(Data Opens)

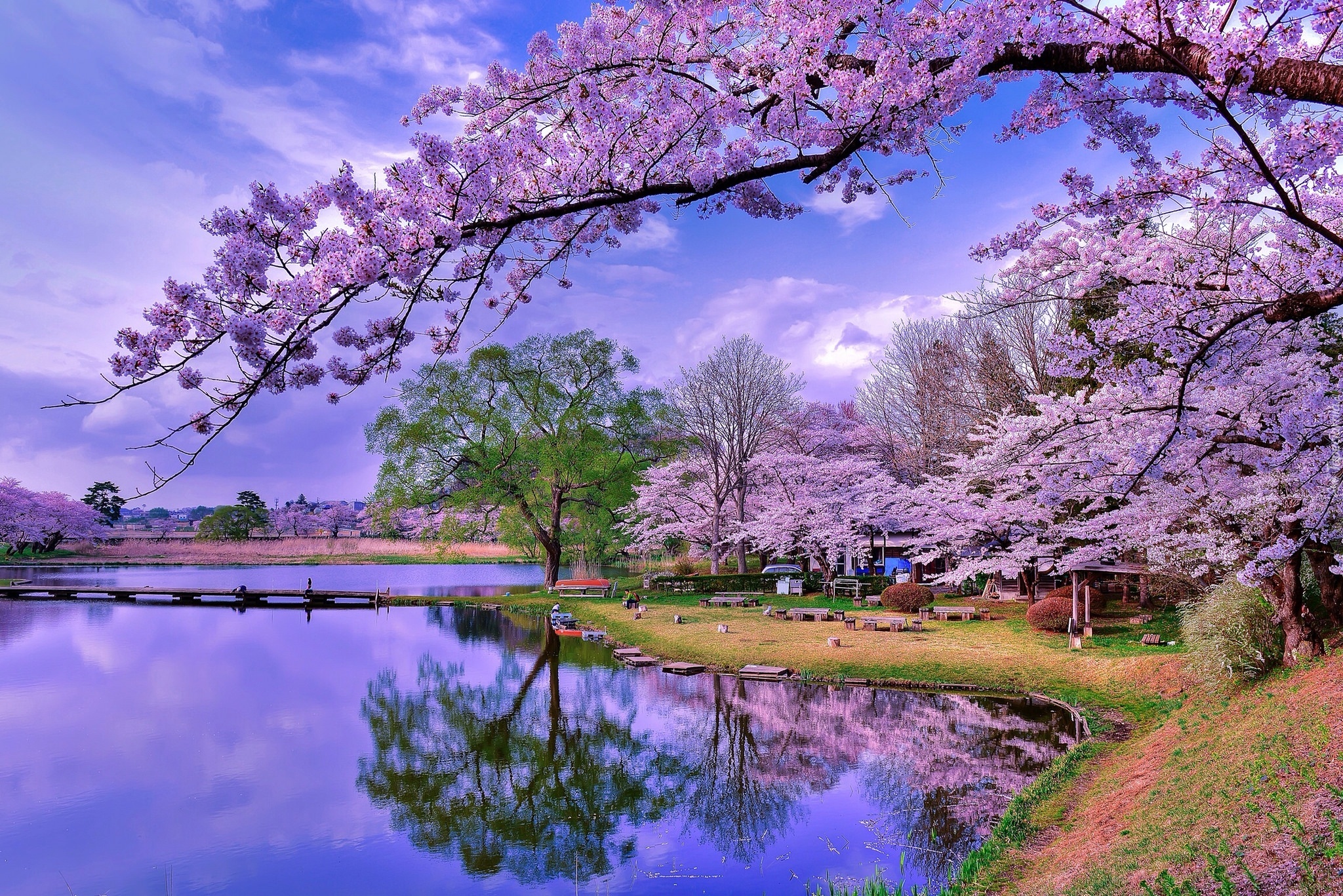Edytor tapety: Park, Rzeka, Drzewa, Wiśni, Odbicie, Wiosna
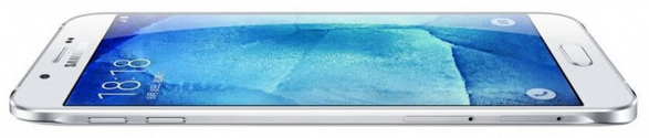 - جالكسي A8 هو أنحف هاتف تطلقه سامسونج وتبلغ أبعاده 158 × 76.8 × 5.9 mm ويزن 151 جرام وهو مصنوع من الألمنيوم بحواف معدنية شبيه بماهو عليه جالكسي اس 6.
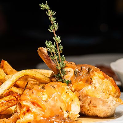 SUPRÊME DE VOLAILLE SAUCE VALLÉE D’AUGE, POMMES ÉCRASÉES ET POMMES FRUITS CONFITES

(Data Closes)

Activity:
Dropping every picture, restate the material word for word.

Response for this exercise:
Edytor tapety: Park, Rzeka, Drzewa, Wiśni, Odbicie, Wiosna
 - جالكسي A8 هو أنحف هاتف تطلقه سامسونج وتبلغ أبعاده 158 × 76.8 × 5.9 mm ويزن 151 جرام وهو مصنوع من الألمنيوم بحواف معدنية شبيه بماهو عليه جالكسي اس 6.
 SUPRÊME DE VOLAILLE SAUCE VALLÉE D’AUGE, POMMES ÉCRASÉES ET POMMES FRUITS CONFITES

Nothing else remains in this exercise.